First, create the runner and load a compiled HAR:

In [None]:
model_name = "resnet_v1_18"
compiled_model_har_path = f"{model_name}_compiled_model.har"
runner = ClientRunner(hw_arch="hailo8", har=compiled_model_har_path)
# For Mini PCIe modules or Hailo-8R devices, use hw_arch='hailo8r'

Calling ```runner.infer()``` within inference HW context to run on the Hailo device (```InferenceContext.SDK_HAILO_HW```):

In [None]:
hef_path = f"{model_name}.hef"
hef = HEF(hef_path)
input_vstream_info = hef.get_input_vstream_infos()[0]
image_height, image_width, channels = input_vstream_info.shape
num_of_images = 10
low, high = 2, 20

with runner.infer_context(InferenceContext.SDK_HAILO_HW) as hw_ctx:
    # Running hardware inference:
    for i in range(10):
        dataset = np.random.randint(low, high, (num_of_images, image_height, image_width, channels)).astype(np.uint8)
        results = runner.infer(hw_ctx, dataset)

## Profiler with Runtime Data

This will demonstrate the usage of the HTML profiler with runtime data:

Note: On the Hailo-15 device:

1. The `hailortcli run2` command should be run on the device itself
2. The created json file should be copied to the Dataflow Compiler environment
3. The `hailo profiler` command should be used

In [None]:
model_name = "resnet_v1_18"
hef_path = f"{model_name}.hef"
compiled_har_path = f"{model_name}_compiled_model.har"
runtime_data_path = f"runtime_data_{model_name}.json"

# Run hailortcli (can use `hailo` instead) to run the .hef on the device, and save runtime statistics to runtime_data.json
!hailortcli run2 -m raw measure-fw-actions --output-path {runtime_data_path} set-net {hef_path}
!hailo profiler {compiled_har_path} --runtime-data {runtime_data_path} --out-path runtime_profiler.html


# Instead, this command could be used: hailo profiler {compiled_har_path} --collect-runtime-data --out-path runtime_profiler.html

### Notes on the Profiler with runtime data
resnet_v1_18 is a small network, which fits in a single device without context-switch (it is called "single context").
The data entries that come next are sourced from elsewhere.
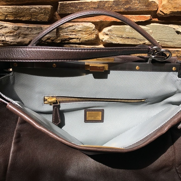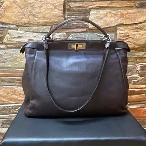 Gorgeous classic chocolate brown Fendi large kid leather Peekaboo tote with gray pebbled leather lining!!
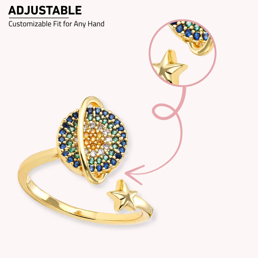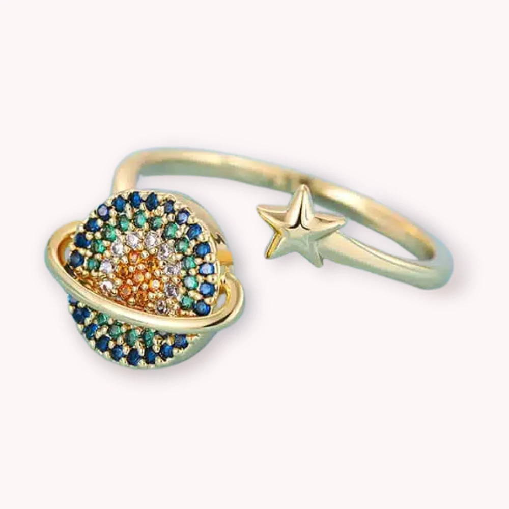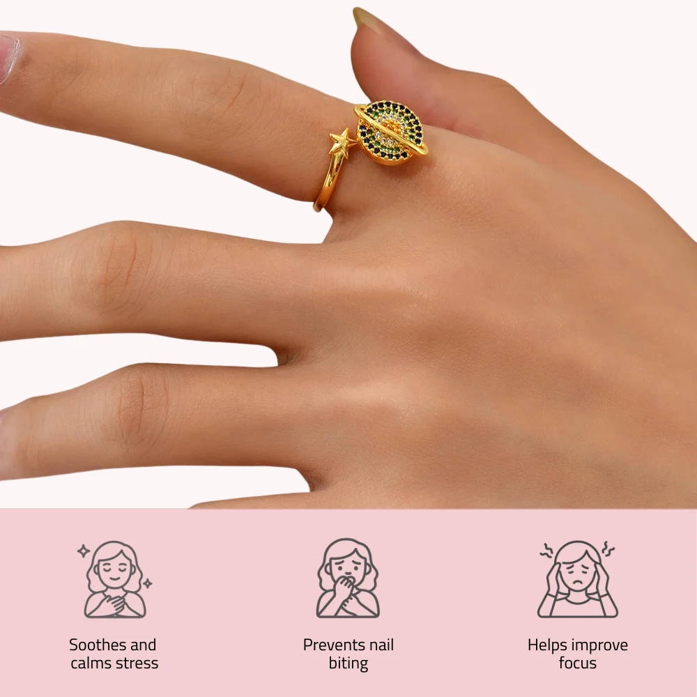 The ring features a rotating central element (planet-shaped) that you can discreetly spin with your fingers. This repetitive motion helps reduce anxiety, improve focus, and calm the mind.
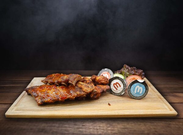 saftige Ribs an hausgemachter Honigmarinade mit verschiedenen Dips
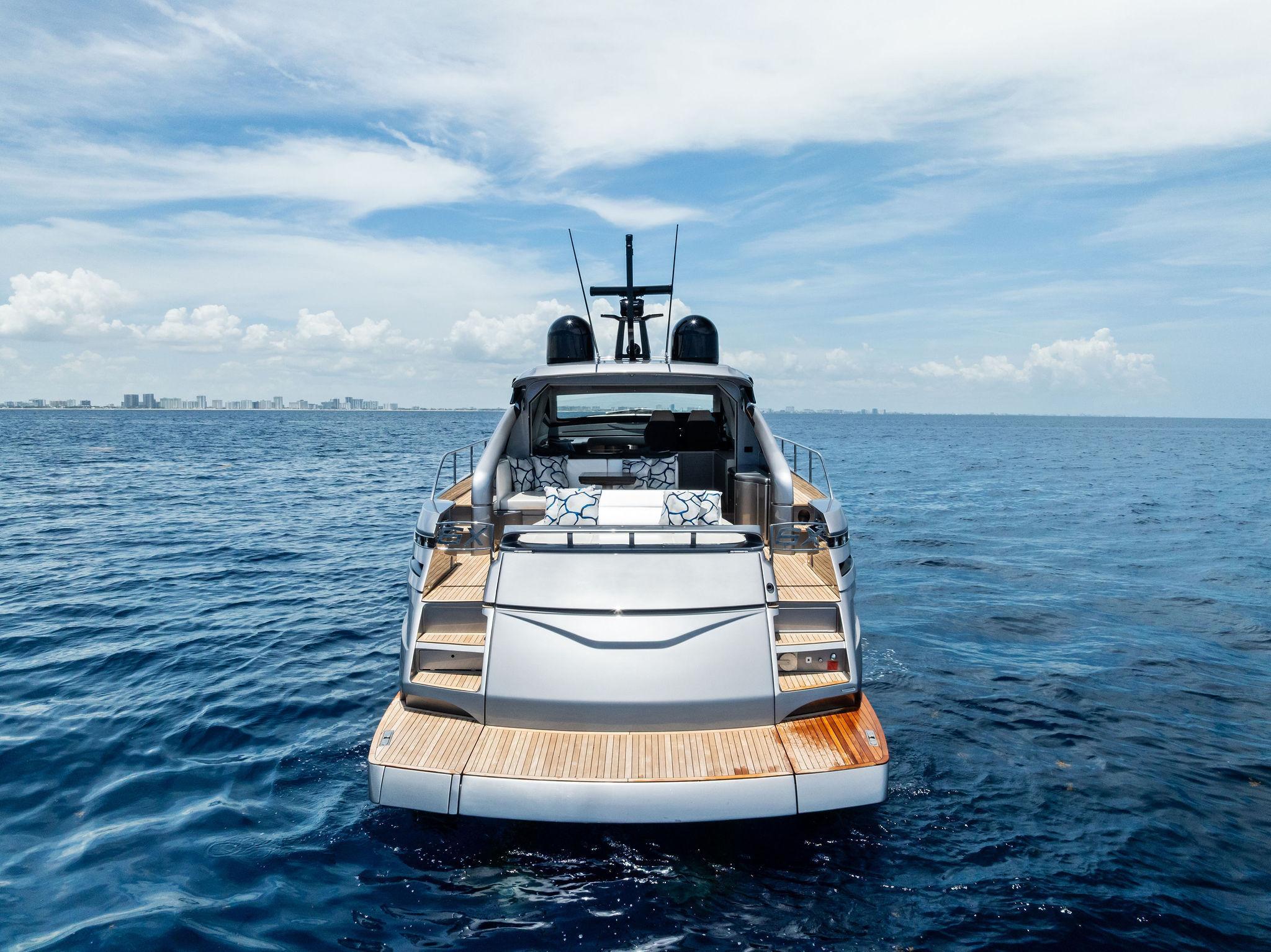 Aft teak steps port and starboard • External shower • LED lighting • Shore socket and loose cable 63A • Shore water inlet • Stainless steel gate for cockpit entry (2) • Swim ladder, hydraulic, hideaway with alarm • Swimming platform with hydraulic movement and waterproof control pad • Telescopic hydraulic hideaway gangway with (2) remote controls
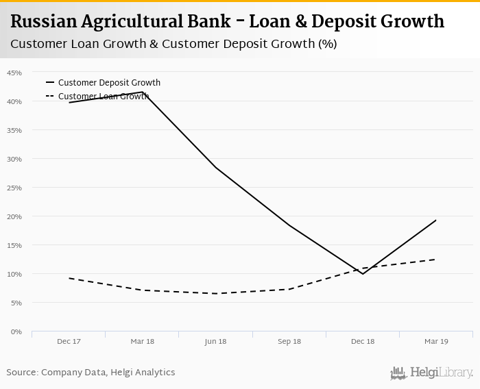 At the end of 2019-03-31, Russian Agricultural Bank's loans accounted for 76.4% of total deposits and 61.7% of total assets.
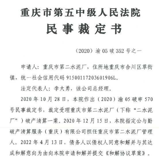 4月19日重慶市第五中級人民法院民事裁定書顯示,重慶市第二水泥廠在法院受理破產(chǎn)申請后,宣告破產(chǎn)。債務(wù)人提出的和解協(xié)議草案載明了清償債務(wù)的資金來源、清償比例、期限等,符合法律規(guī)定。予以準許。

Its FPS and Latency are always displayed.

The ``--runtime-data`` flag is useful with big models, where the FPS and latency cannot be calculated on compile time. With runtime data, the profiler displays the load, config and runtime of the contexts, the fps and latency for multiple batch sizes.

The runtime FPS is also displayed on the hailortcli output.